### Problem description
Everything from the line with "Bowdoin and her" to the line with "全球600万粉丝认可,可充电" in the listing below, both lines included, needs to be copied exactly, apart from the pictures.

### Task input
* * * *

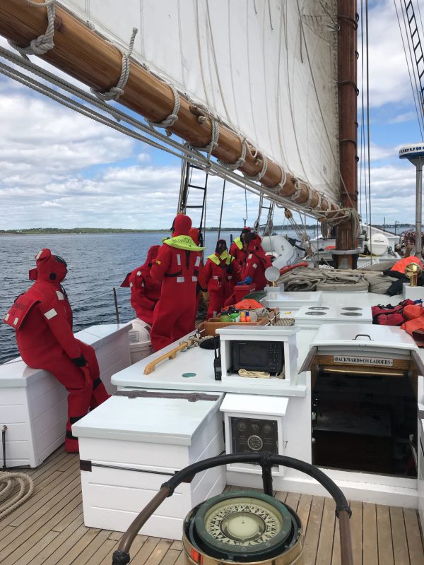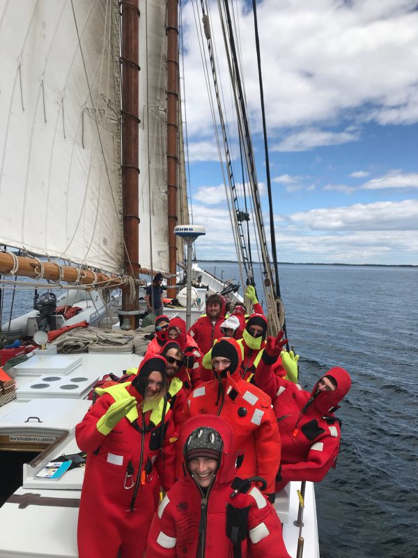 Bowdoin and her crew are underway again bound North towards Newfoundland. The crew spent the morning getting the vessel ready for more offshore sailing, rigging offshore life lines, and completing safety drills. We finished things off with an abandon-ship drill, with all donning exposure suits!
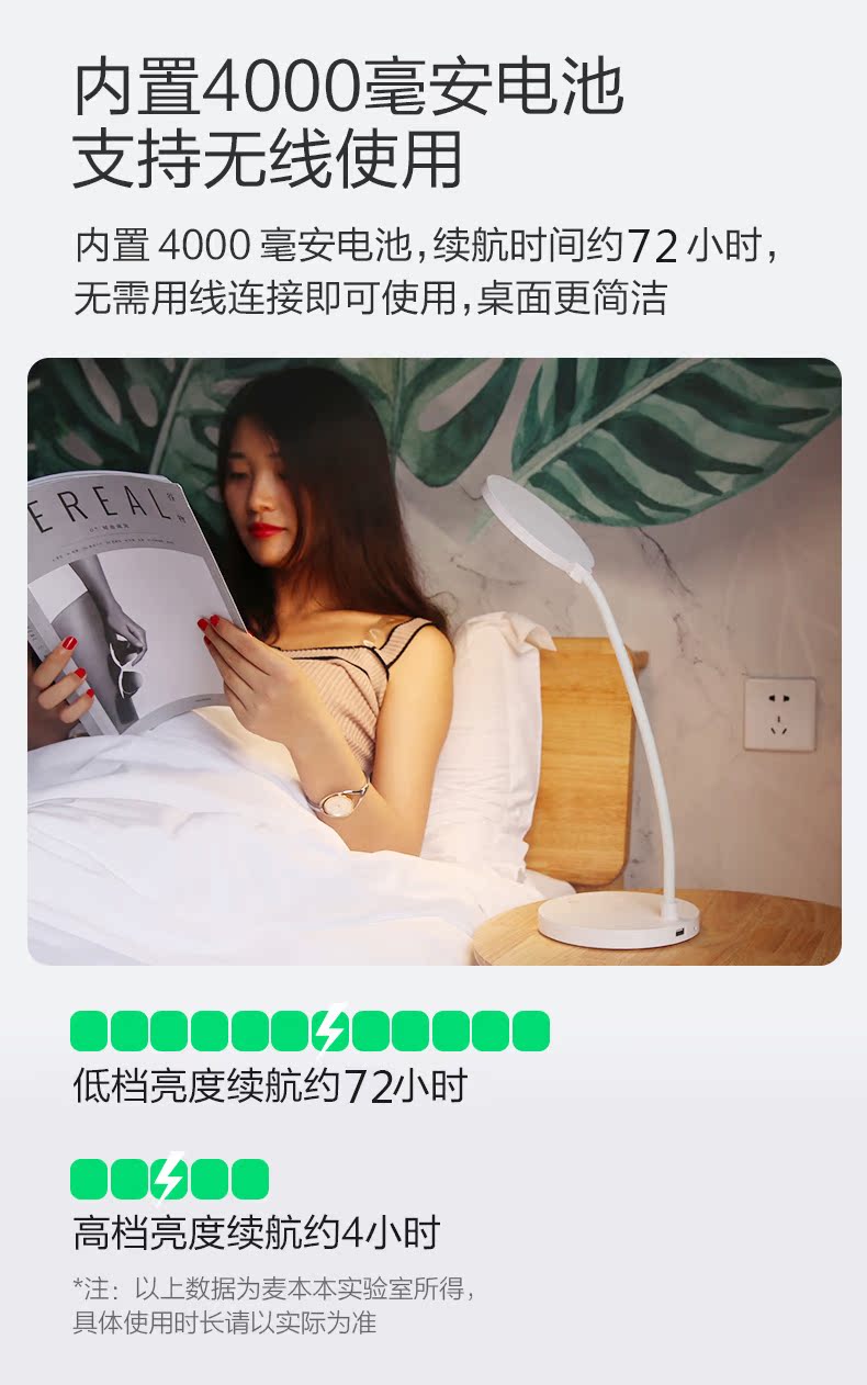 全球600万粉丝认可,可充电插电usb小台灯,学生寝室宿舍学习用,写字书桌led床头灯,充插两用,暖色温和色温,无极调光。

* * * *

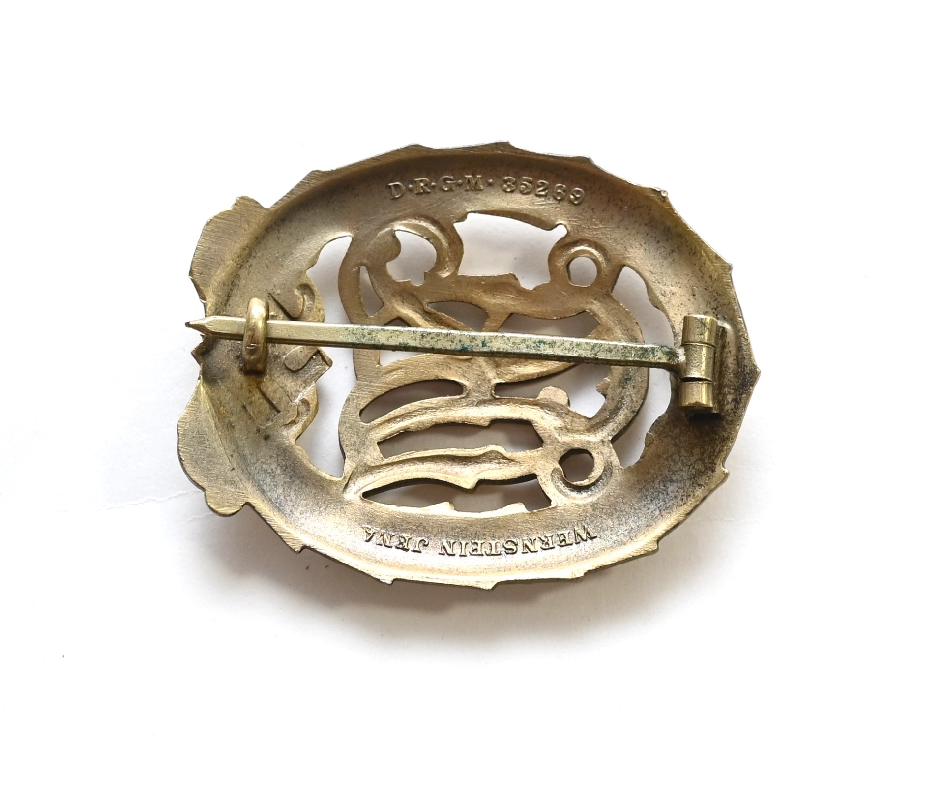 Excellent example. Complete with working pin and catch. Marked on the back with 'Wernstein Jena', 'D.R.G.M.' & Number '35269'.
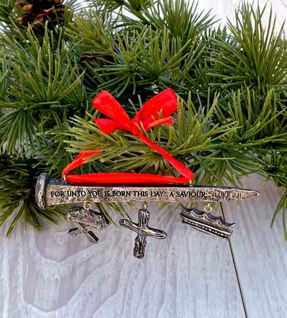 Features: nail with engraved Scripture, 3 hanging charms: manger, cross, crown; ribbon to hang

* * * *

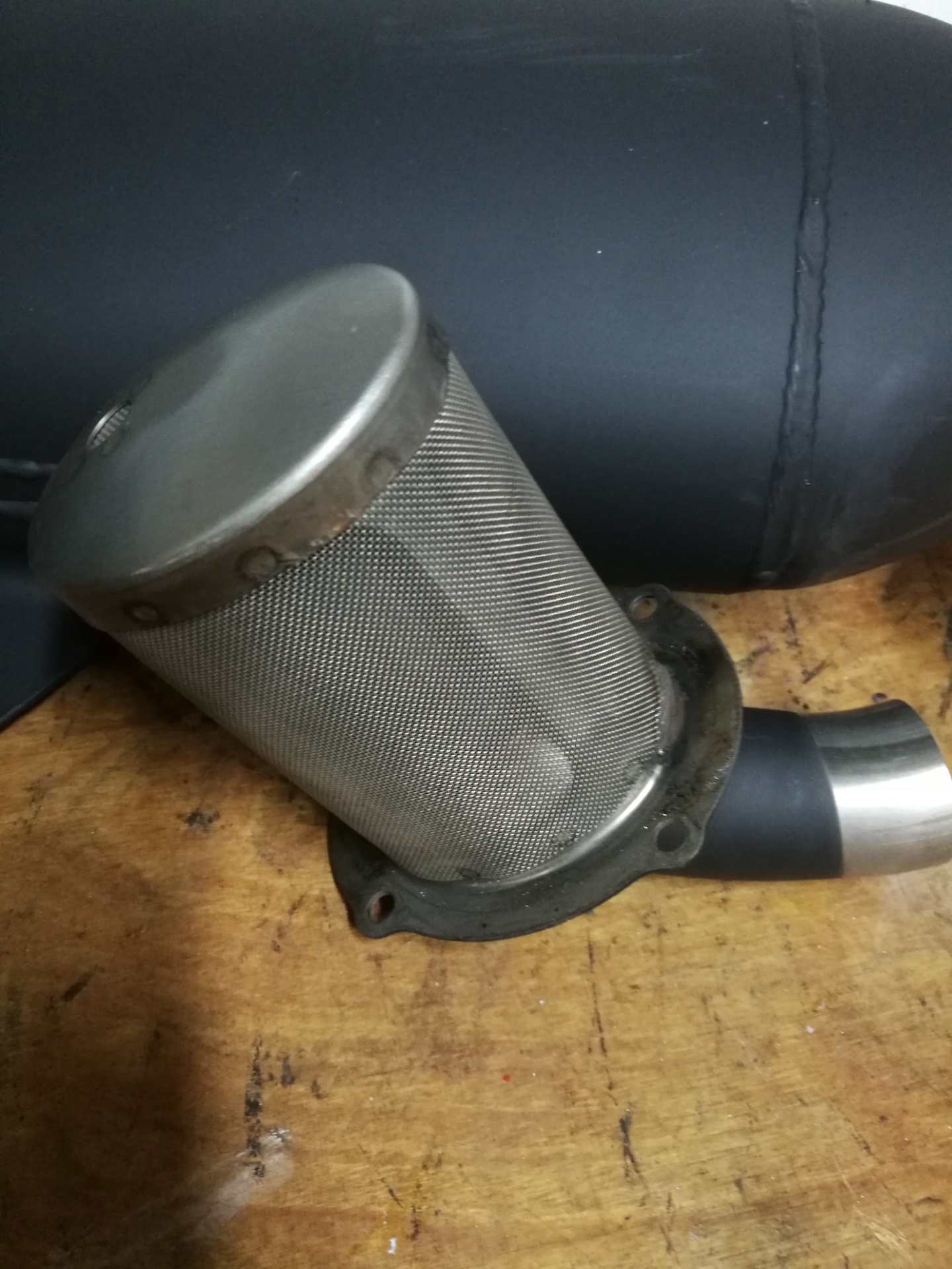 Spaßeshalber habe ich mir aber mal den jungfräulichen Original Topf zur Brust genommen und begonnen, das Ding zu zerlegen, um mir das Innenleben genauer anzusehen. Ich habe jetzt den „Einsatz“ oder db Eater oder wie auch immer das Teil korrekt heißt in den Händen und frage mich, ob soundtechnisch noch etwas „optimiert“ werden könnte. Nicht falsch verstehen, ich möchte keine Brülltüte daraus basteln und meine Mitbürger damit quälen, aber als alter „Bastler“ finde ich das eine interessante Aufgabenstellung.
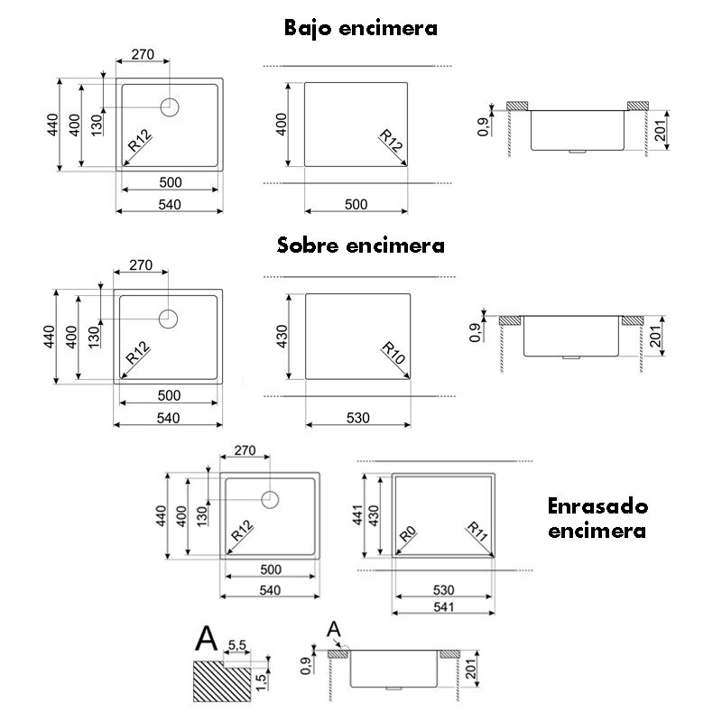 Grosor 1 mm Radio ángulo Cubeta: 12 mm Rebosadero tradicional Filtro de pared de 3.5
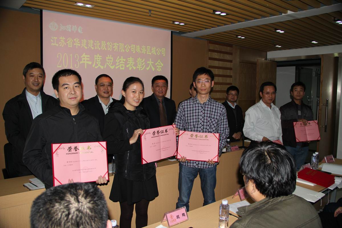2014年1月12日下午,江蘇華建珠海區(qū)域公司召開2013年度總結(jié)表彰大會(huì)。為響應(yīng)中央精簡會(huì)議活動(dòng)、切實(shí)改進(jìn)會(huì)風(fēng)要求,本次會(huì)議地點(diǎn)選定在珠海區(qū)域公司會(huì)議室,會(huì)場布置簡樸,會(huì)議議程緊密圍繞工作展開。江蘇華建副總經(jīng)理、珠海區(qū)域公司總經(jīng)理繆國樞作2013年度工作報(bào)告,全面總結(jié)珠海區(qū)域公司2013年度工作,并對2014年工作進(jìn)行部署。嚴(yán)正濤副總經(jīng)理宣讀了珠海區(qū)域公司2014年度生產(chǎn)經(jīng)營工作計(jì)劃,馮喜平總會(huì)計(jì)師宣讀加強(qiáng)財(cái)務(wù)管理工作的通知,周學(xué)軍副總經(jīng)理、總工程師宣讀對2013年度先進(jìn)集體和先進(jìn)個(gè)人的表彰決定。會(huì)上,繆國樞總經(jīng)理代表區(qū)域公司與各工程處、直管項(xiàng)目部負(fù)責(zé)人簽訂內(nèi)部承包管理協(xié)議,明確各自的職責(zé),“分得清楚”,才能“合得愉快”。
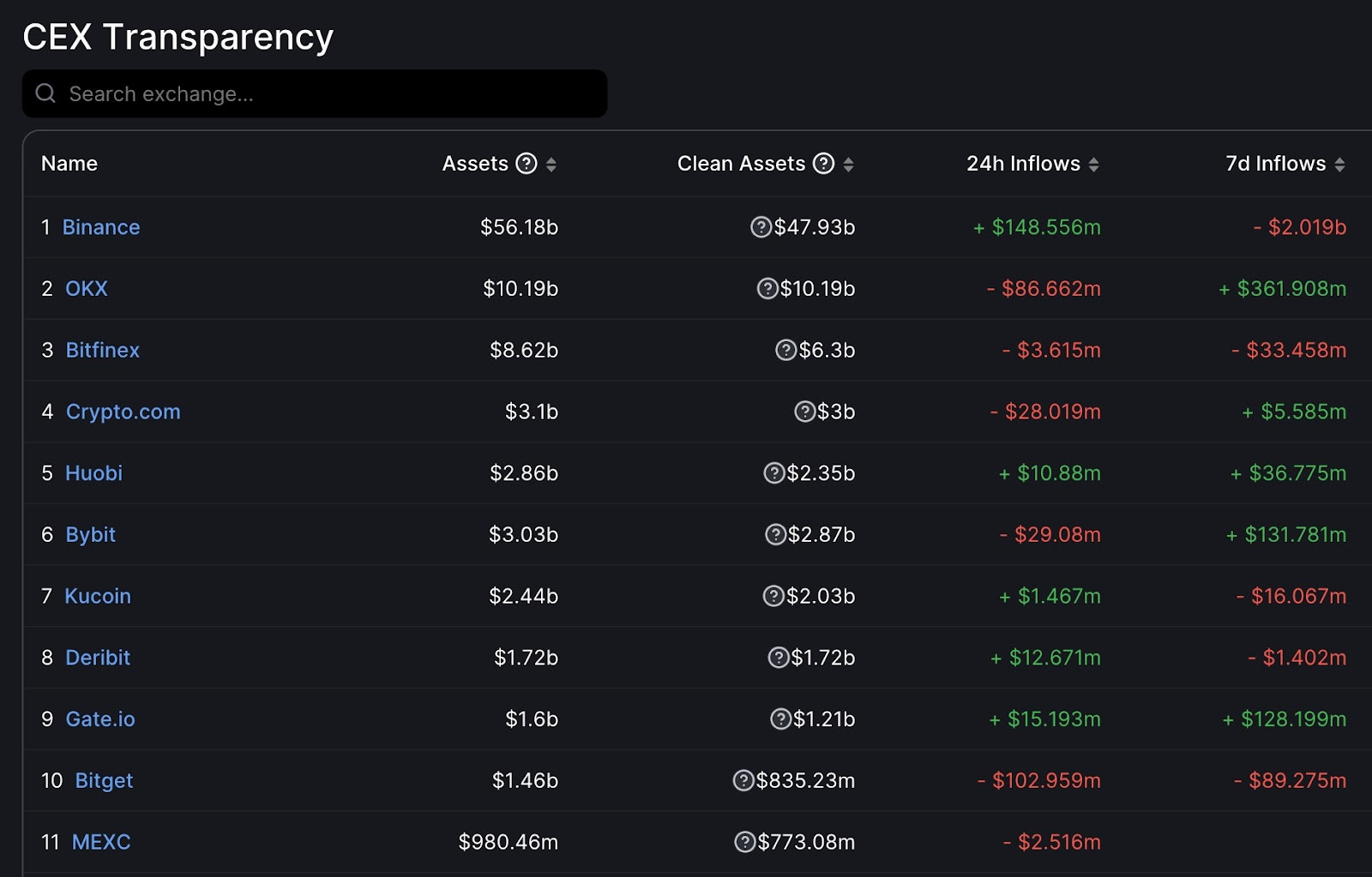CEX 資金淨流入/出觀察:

* * * *

### Result of the task
 Bowdoin and her crew are underway again bound North towards Newfoundland. The crew spent the morning getting the vessel ready for more offshore sailing, rigging offshore life lines, and completing safety drills. We finished things off with an abandon-ship drill, with all donning exposure suits!
 全球600万粉丝认可,可充电插电usb小台灯,学生寝室宿舍学习用,写字书桌led床头灯,充插两用,暖色温和色温,无极调光。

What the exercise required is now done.